— Ты скажи ей, что со мной ничего не случилось.
— Где ты?
— Я на корабле, он отплывает в Вест-Индию, — неопределенно сообщила Гвен.
— Что? — изумилась Диззи. — Ты нашла настоящую жемчужину?
— Нет, отплывает корабль, а не я. Хотела бы, чтоб он отчалил, а я случайно на нем осталась. А ты почему опоздала?
— Меня заперли в птичьей клетке.
— В чем?
— Я пошла в зоопарк, а смотритель ушел обедать. Ух, это была тупость — никогда в жизни больше не захочу видеть птицу.
Когда Гвен вернулась в каюту миссис Тенброк, дама была вся во власти идеи.
— Такому человеку, как ты, трудно предложить вознаграждение, — сказала она. — Но я придумала. Я отправляюсь в это плавание, чтобы забрать свою старую тетю и привезти в Нью-Йорк. Может быть, ты захочешь составить мне компанию, поехать со мной… Уверена, что сумею договориться с твоими родителями по телефону.
Сказочный план ударил ей в голову, как коктейль с шампанским, но после минутного размышления она покачала головой.
— Не думаю, что вам удастся, — сказала она. И откровенно добавила: — Папа, конечно, знает ваше имя, но о самой вас ничего не знает.
— Я знаю кое-каких людей в вашем городе, которые могли бы меня рекомендовать, — сказала миссис Тенброк.
— Я очень вам признательна, но, думаю, не стоит.
— Ну что ж, хорошо. — Она расположилась к Гвен и была разочарована. — В любом случае настаиваю, чтобы ты взяла двести долларов и купила себе красивое вечернее платье или что-нибудь другое, что захочешь.
— Двести долларов, — изумилась Гвен. — Это десять вечерних платьев!
— В самом деле? Что ж, употреби их, как хочешь. Ты уверена, что предпочтешь деньги путешествию?
Гвен, поджав губы, ответила:
— Да, миссис Тенброк.
…Жаль, что девочка оказалась практичной. Миссис Тенброк казалось, что в этих ясных голубых глазах живет романтика, не дававшая ей покоя все молодые годы, — сама она наверняка выбрала бы Вест-Индию.
Она отсчитала четыре новеньких пятидесятидолларовых бумажки.
На палубе грянул колокол, и раздался голос: «Все посторонние на берег!» Когда «Дакия», провожаемая трепыханием носовых платков, плавно двинулась в бухту, пятеро молодых людей ушли с причала. На улице Педдлер Тенброк сказал:
— Мы подумали, может быть, ты захочешь поужинать с нами вечером?
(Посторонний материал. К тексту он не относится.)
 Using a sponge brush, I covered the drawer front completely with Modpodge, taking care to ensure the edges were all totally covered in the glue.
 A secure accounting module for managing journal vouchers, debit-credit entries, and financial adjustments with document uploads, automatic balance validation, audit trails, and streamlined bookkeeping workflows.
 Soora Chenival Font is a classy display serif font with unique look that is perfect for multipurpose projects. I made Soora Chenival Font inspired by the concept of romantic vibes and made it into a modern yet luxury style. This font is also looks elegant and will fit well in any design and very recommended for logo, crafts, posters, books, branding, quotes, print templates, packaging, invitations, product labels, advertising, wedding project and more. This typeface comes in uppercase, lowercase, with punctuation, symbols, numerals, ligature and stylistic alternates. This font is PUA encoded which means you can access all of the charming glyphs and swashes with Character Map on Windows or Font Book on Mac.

Ты сказала, вас четверо — и нас четверо, а делать нам совершенно нечего. Могли бы поужинать и потанцевать в «Рейнбоу-Рум».
— Это было бы чудесно, — сказала Гвен. — Но не знаю, наша руководительница миссис Талливер…
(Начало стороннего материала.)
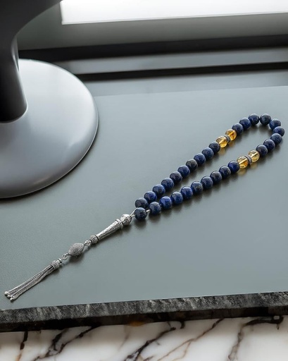 سبحة فضة حجر لازورد وسترين طبيعي

— Я сам с ней поговорю, — уверенно пообещал он.
— Хорошо. — Она замялась. — Только не отвезете ли меня сначала в одно место? Вернее, в два места — чтобы в первом узнать, где второе.
— Просто скажите шоферу, куда вам надо.
Получасом позже Гвен тихо постучала в тонкую дверь и, услышав вялый ответ, вошла.
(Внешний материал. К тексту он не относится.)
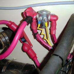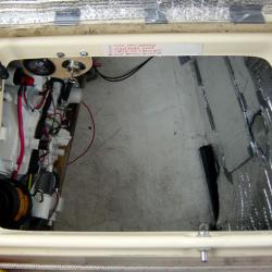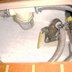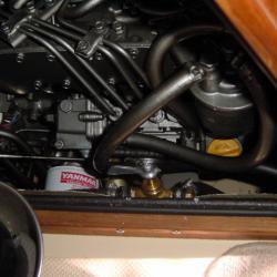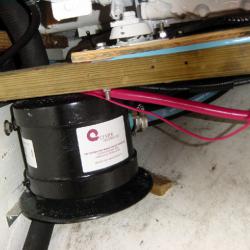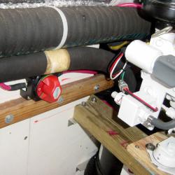 I installed the small Kubota DC genset (160 amp large case alternator) far enough aft in the port side lazarette that (at 6’4”, 220) I can still climb down in to service it. I really lost very little usable space. The use of the existing aft-cabin sink drain thru-hull as a raw water supply made things much easier as I ran the raw water hose up through the hanging locker and along the portside hull-deck joint. The 3-way fuel valve is easily accessed via the galley engine access door and made getting fuel to the genset much easier. I ran the fuel return line directly back to the fuel tank. I ran the fused genset alternator output back to the standard battery combiner solenoid which reduced the battery cable run. The start battery switch is just a safety precaution in the event that the starter switch jammed. The water-lift muffler has a long looped run well above the water line under the helm seat to avoid any chance of water being forced in from a following wave. The exhaust thru-hull is far aft in the port side lazarette. The output is controlled by a separate Balmar 612 regulator for a completely redundant charging system.

Комната была голая — стол, стул и железная кровать. В углу стоял фибровый чемодан, рядом — стопка книг. На крючке висели уличный костюм и шляпа. Этан Кенникотт с распухшей и синей щекой сидел за столом и смотрел в пустоту полуприкрытыми глазами. Когда увидел ее, вздернул голову и неловко поднялся.
— Что тебе надо? — грубо спросил он.
— Я просто на минуту. Отец говорит, что никогда нельзя ложиться спать сердитым, что бы ни случилось.
— Скажи это тем красавчикам. Им можно всю жизнь быть вежливыми. А я пока что потерял работу.
— Ой, как жалко.
— А чего ты ждала? Ну и мне, конечно, по заслугам.
— Наверно, это я виновата.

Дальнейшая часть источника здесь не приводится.